WORK TO COMPLETE: What is needed is an exact transcription of every entry below, with the pictures left out.
*** INFORMATION SUPPLIED ***
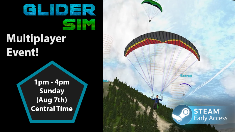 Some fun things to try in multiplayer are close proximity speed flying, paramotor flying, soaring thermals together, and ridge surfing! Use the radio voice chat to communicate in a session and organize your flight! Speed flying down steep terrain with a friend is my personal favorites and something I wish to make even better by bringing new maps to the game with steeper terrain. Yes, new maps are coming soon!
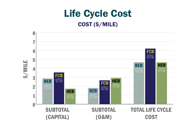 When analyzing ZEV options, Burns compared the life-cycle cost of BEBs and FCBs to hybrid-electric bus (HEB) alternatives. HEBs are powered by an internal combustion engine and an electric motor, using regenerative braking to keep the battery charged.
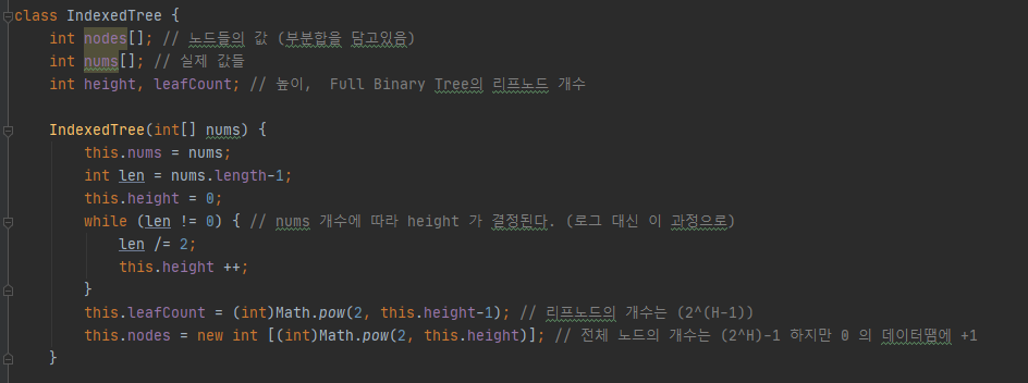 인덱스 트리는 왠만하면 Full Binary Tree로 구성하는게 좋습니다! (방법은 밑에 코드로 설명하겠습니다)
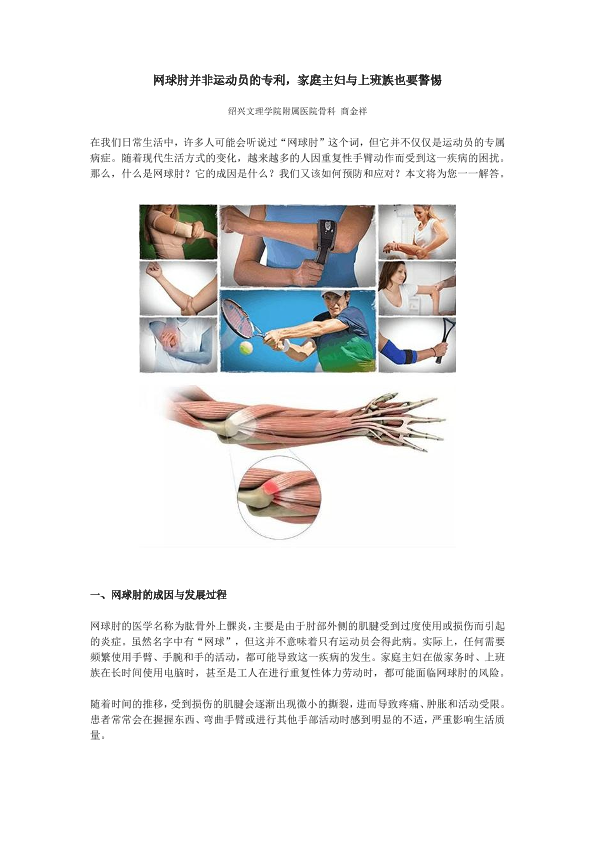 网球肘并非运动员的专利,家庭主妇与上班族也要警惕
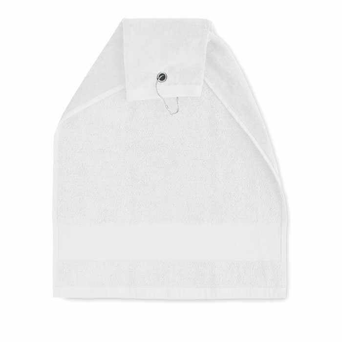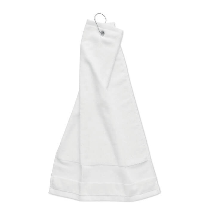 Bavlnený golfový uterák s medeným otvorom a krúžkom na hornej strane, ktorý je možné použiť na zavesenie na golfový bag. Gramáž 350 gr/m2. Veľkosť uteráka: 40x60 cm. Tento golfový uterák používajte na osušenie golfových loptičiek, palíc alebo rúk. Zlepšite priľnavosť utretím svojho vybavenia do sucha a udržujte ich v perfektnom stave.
*** End of INFORMATION SUPPLIED ***
ANSWER TO THIS TASK:
 Some fun things to try in multiplayer are close proximity speed flying, paramotor flying, soaring thermals together, and ridge surfing! Use the radio voice chat to communicate in a session and organize your flight! Speed flying down steep terrain with a friend is my personal favorites and something I wish to make even better by bringing new maps to the game with steeper terrain. Yes, new maps are coming soon!
 When analyzing ZEV options, Burns compared the life-cycle cost of BEBs and FCBs to hybrid-electric bus (HEB) alternatives. HEBs are powered by an internal combustion engine and an electric motor, using regenerative braking to keep the battery charged.
 인덱스 트리는 왠만하면 Full Binary Tree로 구성하는게 좋습니다! (방법은 밑에 코드로 설명하겠습니다)
 网球肘并非运动员的专利,家庭主妇与上班族也要警惕
 Bavlnený golfový uterák s medeným otvorom a krúžkom na hornej strane, ktorý je možné použiť na zavesenie na golfový bag. Gramáž 350 gr/m2. Veľkosť uteráka: 40x60 cm. Tento golfový uterák používajte na osušenie golfových loptičiek, palíc alebo rúk. Zlepšite priľnavosť utretím svojho vybavenia do sucha a udržujte ich v perfektnom stave.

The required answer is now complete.